Avoid equational function definitions

May 9, 2014

One of the first things that Haskell beginners usually notice is that Haskell has this somewhat unusual but attractive way of defining functions case-by-case:

foldr f z []     = z 
foldr f z (x:xs) = f x (foldr f z xs) 

It looks fun and math-y. The other way to do pattern matching, case expressions, is much less advertized, probably because case invokes associations with dirty old imperative programming. Here’s how the same function could be defined using case:

foldr f z l =
  case l of
    []   -> z 
    x:xs -> f x (foldr f z xs) 

However, there are plenty of reasons to prefer case to multiple function definition clauses.

(If some of these look insignificant at first sight, think of a datatype with tens of constructors, which is quite common when working with abstract syntax trees.)

  1. DRY. Notice how in the equational style the function name and argument names get repeated.

  2. It makes it clear what the function decides upon. The equational style allows you to pattern match on different arguments in different clauses, or even on multiple arguments in the same clause:

    f [] 0 = 0
    f _  1 = 1
    f _  _ = 2

    It gives more power, but also makes it harder to see what’s going on. More importantly, even when this additional power is not used, it’s not obvious from the code itself until you eye-scan all the clauses.

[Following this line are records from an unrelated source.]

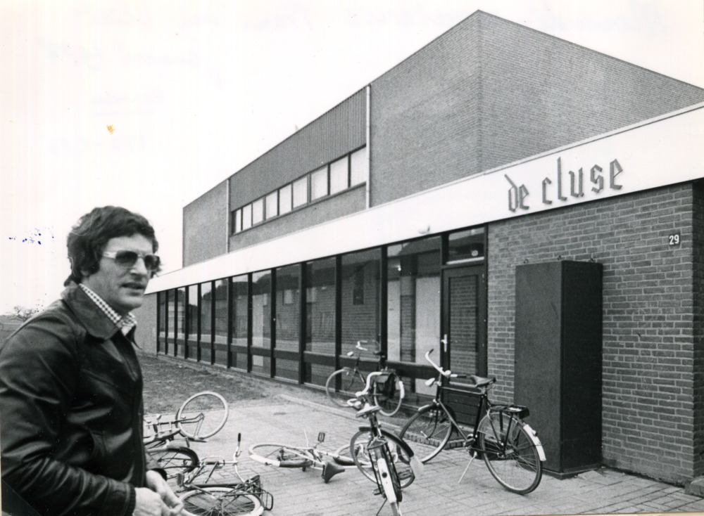 Zwart-wit foto van het buurthuis De Cluse in Herwen ...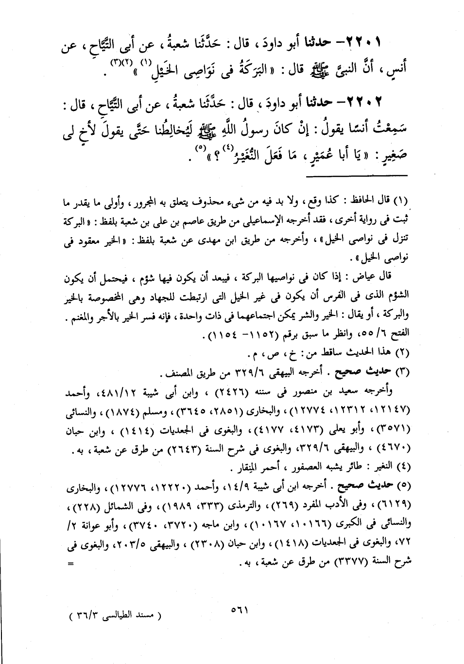 2201 - حَدَّثَنَا أَبُو دَاوُدَ قَالَ: حَدَّثَنَا شُعْبَةُ، عَنْ أَبِي التَّيَّاحِ، عَنْ أَنَسٍ، أَنَّ النَّبِيَّ صَلَّى اللهُ عَلَيْهِ وَسَلَّمَ قَالَ: «§الْبَرَكَةُ فِي نَوَاصِي الْخَيْلِ»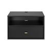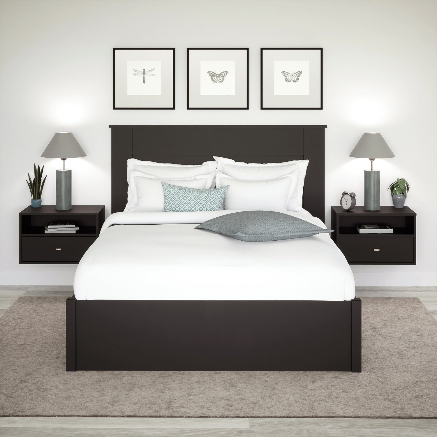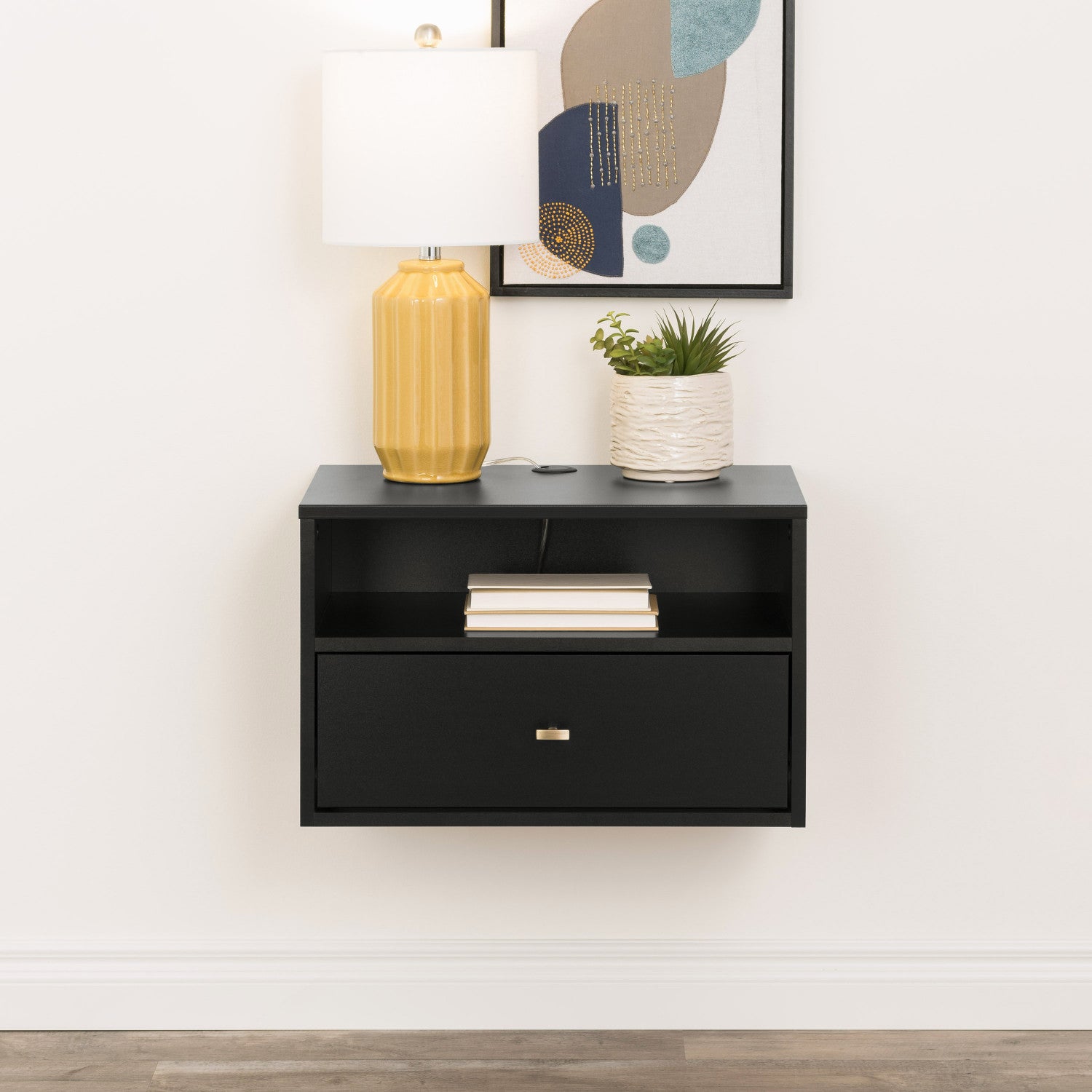 This elegant Floating Nightstand is the ideal companion for your modern bedroom. With both a drawer and an open compartment, it holds all your typical bedside essentials like books, magazines and glasses. For your electronic devices, both the top surface and the compartment have openings to manage cords. The hanging design gives you the flexibility to place it at any height and saves valuable floor space. Prepac's innovative mounting rail makes it easy to put up – you just have to find the wall studs.
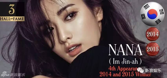 前两年的第一名,是韩国是After School组合的Nana林珍娜。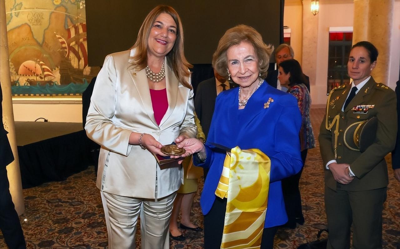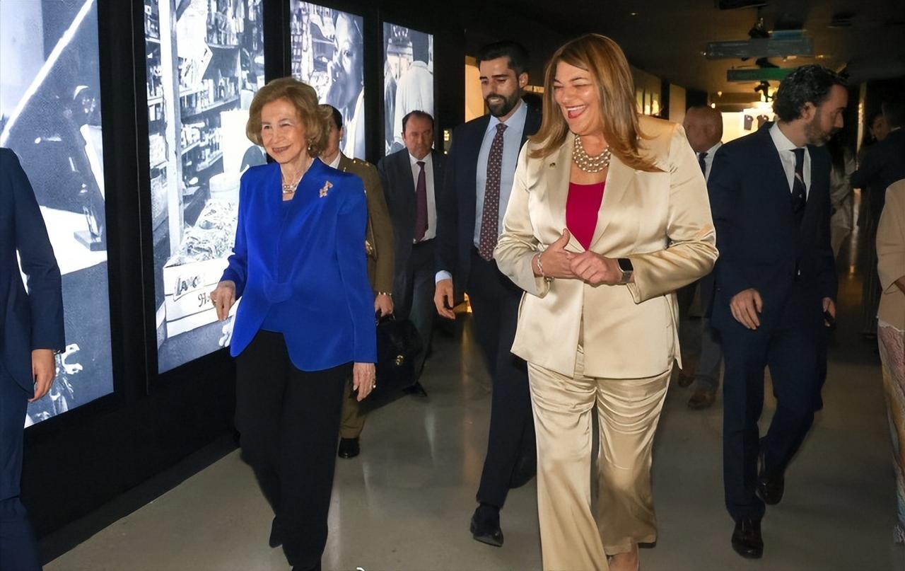3月20日,西班牙索菲亚王太后现身迈阿密戴德学院自由塔,参加在那里举行的“佛罗里达、古巴和加勒比地区在美国革命中的作用”学术项目发布会。 索菲亚王太后穿着宝蓝色小西装,搭配黑裤子,这是艾琳公主去世后,她第一次穿着如此靓丽的颜色。 搭配精致的胸针,佩戴珍珠项链,虽然索菲亚王太后已经年过八旬了,但是一出生就是公主,之后成为西班牙王后,作为天生的王室成员,索菲亚王太后真是将优雅和贵气写进了骨子里。

  3. It makes code easier to modify or refactor. Tasks like

    • adding or removing a function argument
    • introducing a local definition common for multiple cases
    • preprocessing function arguments or post-processing the function result

    are trivial with the case expression, and hard to impossible (without rewriting or introducing other top-level functions) with clauses.

  4. When profiling, you often want to add an {-# SCC #-} pragma for a function. If the function is written using multiple cases, you need to attach this pragma to every clause separately. Moreover, even if you do so, they won’t account for the evaluation of arguments due to pattern matching in left-hand sides of the equations.

  5. Once you start reading the Core or STG code, writing functions using case makes it much easier to follow the connection between the original source and its intermediate representation.

Perhaps the only reason to have multiple clauses is if you need that additional power of matching on several arguments at the same time, e.g.

Right a <*> Right b = Right (a b)
Left  a <*> Right _ = Left a
Right _ <*> Left b  = Left b
Left  a <*> Left b  = Left (a <> b)

You could do this with case by matching on tuples, but it isn’t as nice.

Other than this, I rarely ever define functions in the equational style in my code.